_GIVEN DATA_.
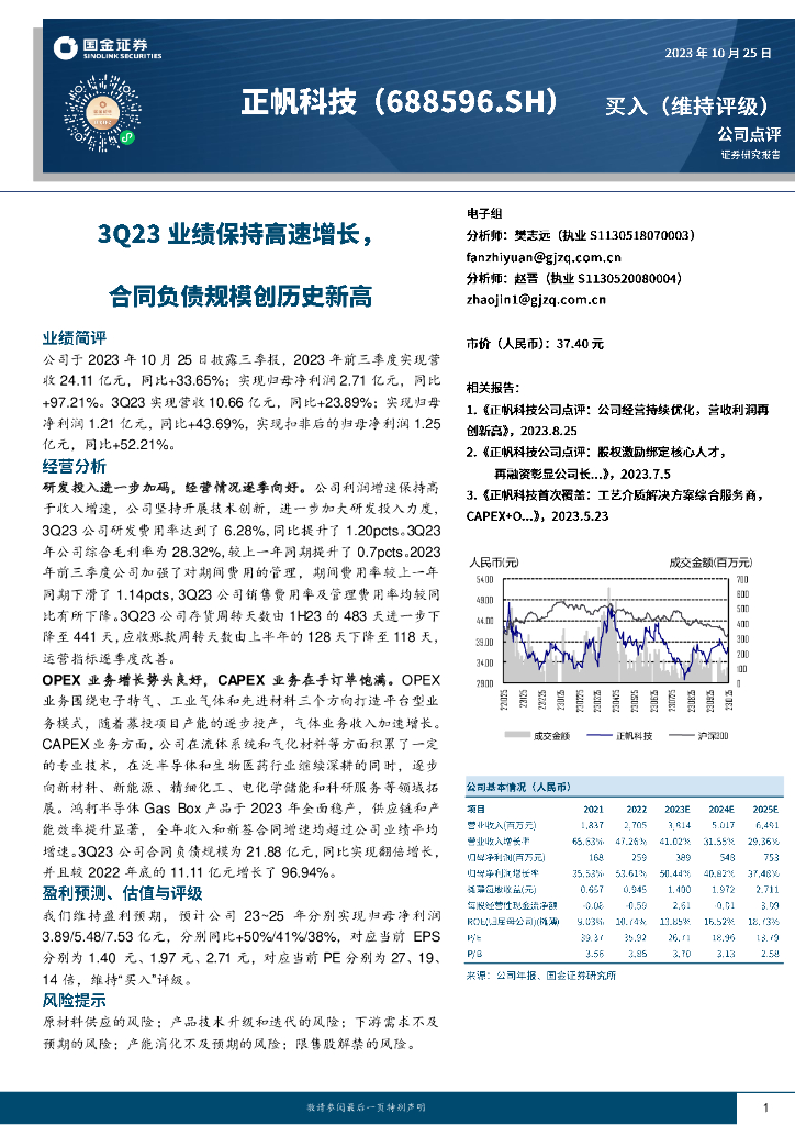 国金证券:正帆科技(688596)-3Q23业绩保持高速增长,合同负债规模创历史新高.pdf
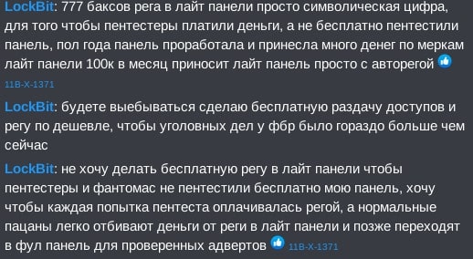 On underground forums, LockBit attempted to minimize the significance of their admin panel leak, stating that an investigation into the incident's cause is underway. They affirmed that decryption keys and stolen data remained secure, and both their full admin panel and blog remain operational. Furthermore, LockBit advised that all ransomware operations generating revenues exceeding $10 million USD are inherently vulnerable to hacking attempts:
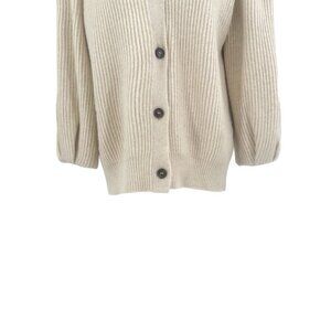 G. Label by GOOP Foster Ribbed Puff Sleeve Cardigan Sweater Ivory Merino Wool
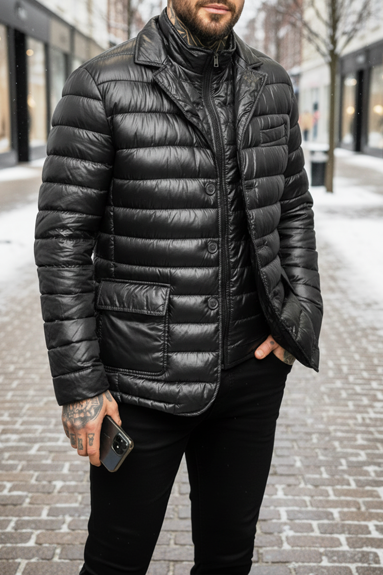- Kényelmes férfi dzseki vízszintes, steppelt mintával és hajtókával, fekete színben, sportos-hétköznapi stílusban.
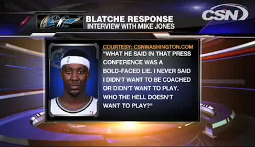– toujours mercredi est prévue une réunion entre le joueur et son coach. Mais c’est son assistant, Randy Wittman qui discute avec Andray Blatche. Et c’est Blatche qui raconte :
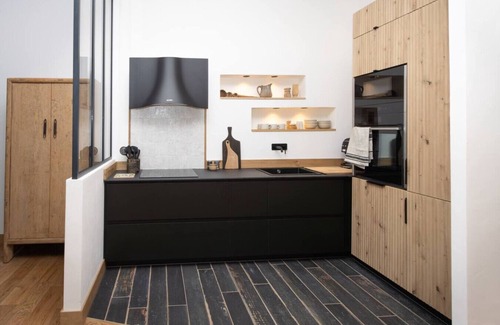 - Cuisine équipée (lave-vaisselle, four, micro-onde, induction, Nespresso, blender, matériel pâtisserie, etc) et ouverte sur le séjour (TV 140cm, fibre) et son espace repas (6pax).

_REQUIRED ACTION_. If a line falls between the one containing "G. Label by" and the last line of the entries above, both included, reproduce it exactly; leave the pictures out.

_EXPECTED ANSWER_.
 G. Label by GOOP Foster Ribbed Puff Sleeve Cardigan Sweater Ivory Merino Wool
- Kényelmes férfi dzseki vízszintes, steppelt mintával és hajtókával, fekete színben, sportos-hétköznapi stílusban.
– toujours mercredi est prévue une réunion entre le joueur et son coach. Mais c’est son assistant, Randy Wittman qui discute avec Andray Blatche. Et c’est Blatche qui raconte :
 - Cuisine équipée (lave-vaisselle, four, micro-onde, induction, Nespresso, blender, matériel pâtisserie, etc) et ouverte sur le séjour (TV 140cm, fibre) et son espace repas (6pax).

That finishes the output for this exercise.